Data below -
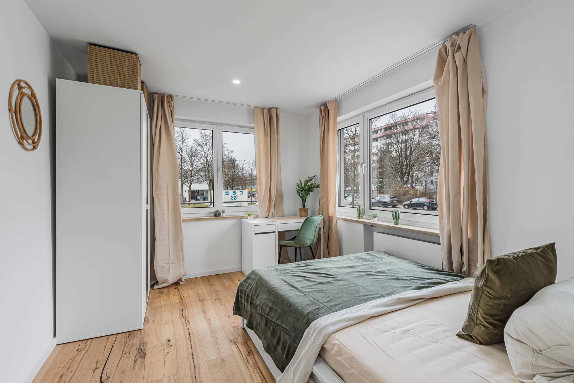 Are you moving to one of the most beautiful cities in the world? Your room should reflect that. CO-LIVING-MUNICH offers stylish, high-quality furnished rooms in shared apartments in central Munich. The fully renovated apartment is located on the 3rd floor of a well-maintained multi-family building, just a 5-minute walk from public transportation. Shops and everyday amenities are within walking distance. Bright rooms with modern interiors ensure comfort, quality, and a welcoming atmosphere. Each room is fully furnished with a bed, wardrobe, desk, and chair—move in with just your suitcase. The apartment features a bathroom with a walk-in rain shower, a modern fitted kitchen with dishwasher, and a washing machine with drying function. Balcony/loggia with seating included. Heating and electricity are covered in the all-inclusive rent; internet and broadcasting fees are shared. A lockable cellar compartment is included. First occupancy after renovation. Key conditions: Minimum rental period: 6 months Notice period: 3 months Deposit: €1,500 No pets No double occupancy Images shown are sample photos from comparable apartments in our portfolio.
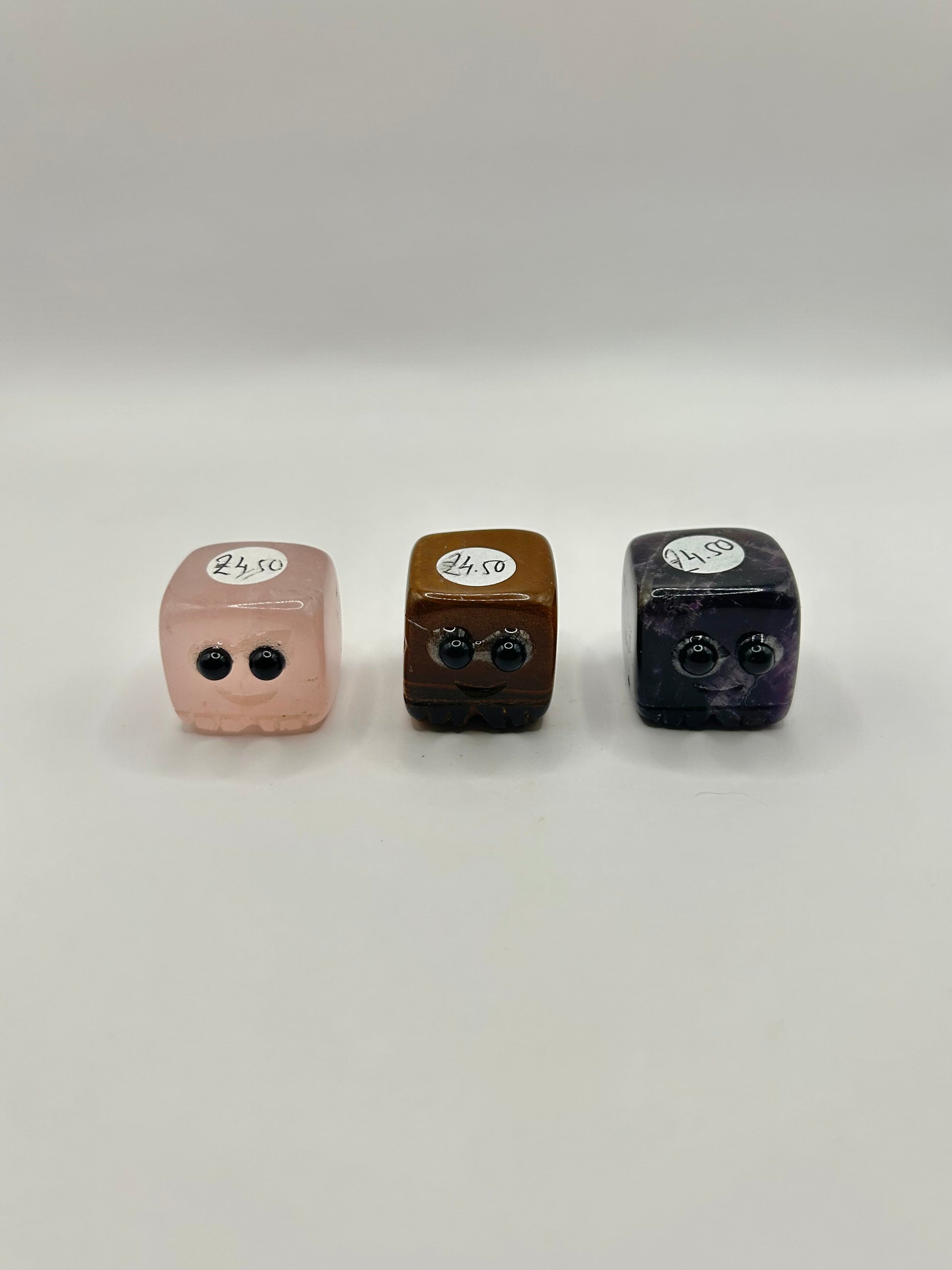 3 different materials of these adorable cube crystal buddies! Price is for 1 buddy
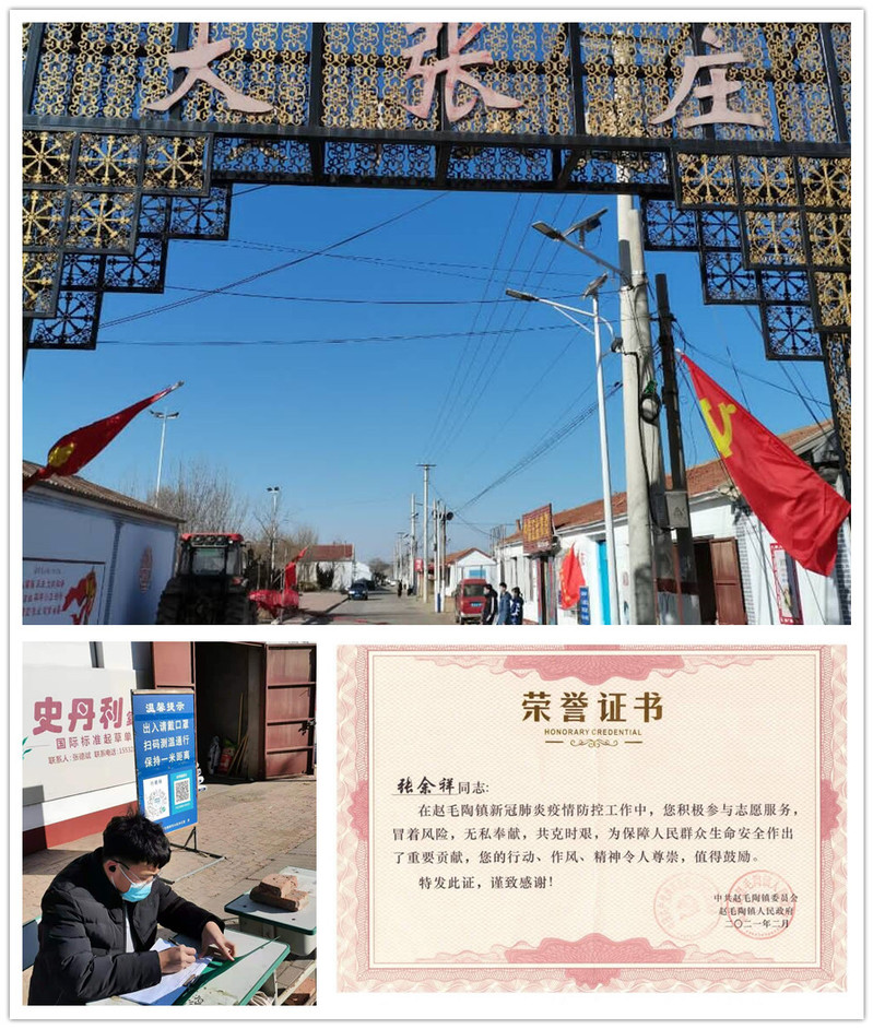 2021年1月,河北石家庄市爆发了新冠疫情。公司河北籍员工放假回家之后,按照防控要求核酸检测隔离14天。其中20数控331班张余祥同学,接到村委招募志愿者的号召,率先响应,积极报名参与村委防疫工作。加入工作后,他服从领导安排,在做好自身安全防护的情况下,提醒群众佩戴口罩,在村里的街道路口设卡排查,对外来车辆和人员进行劝返,对本村的来往车辆进行登记。

Your task -
Write out exactly the lines beginning with the line that holds "3 different materials" and ending with the final line of the data, both ends included, without the pictures.

Result for this task -
 3 different materials of these adorable cube crystal buddies! Price is for 1 buddy
 2021年1月,河北石家庄市爆发了新冠疫情。公司河北籍员工放假回家之后,按照防控要求核酸检测隔离14天。其中20数控331班张余祥同学,接到村委招募志愿者的号召,率先响应,积极报名参与村委防疫工作。加入工作后,他服从领导安排,在做好自身安全防护的情况下,提醒群众佩戴口罩,在村里的街道路口设卡排查,对外来车辆和人员进行劝返,对本村的来往车辆进行登记。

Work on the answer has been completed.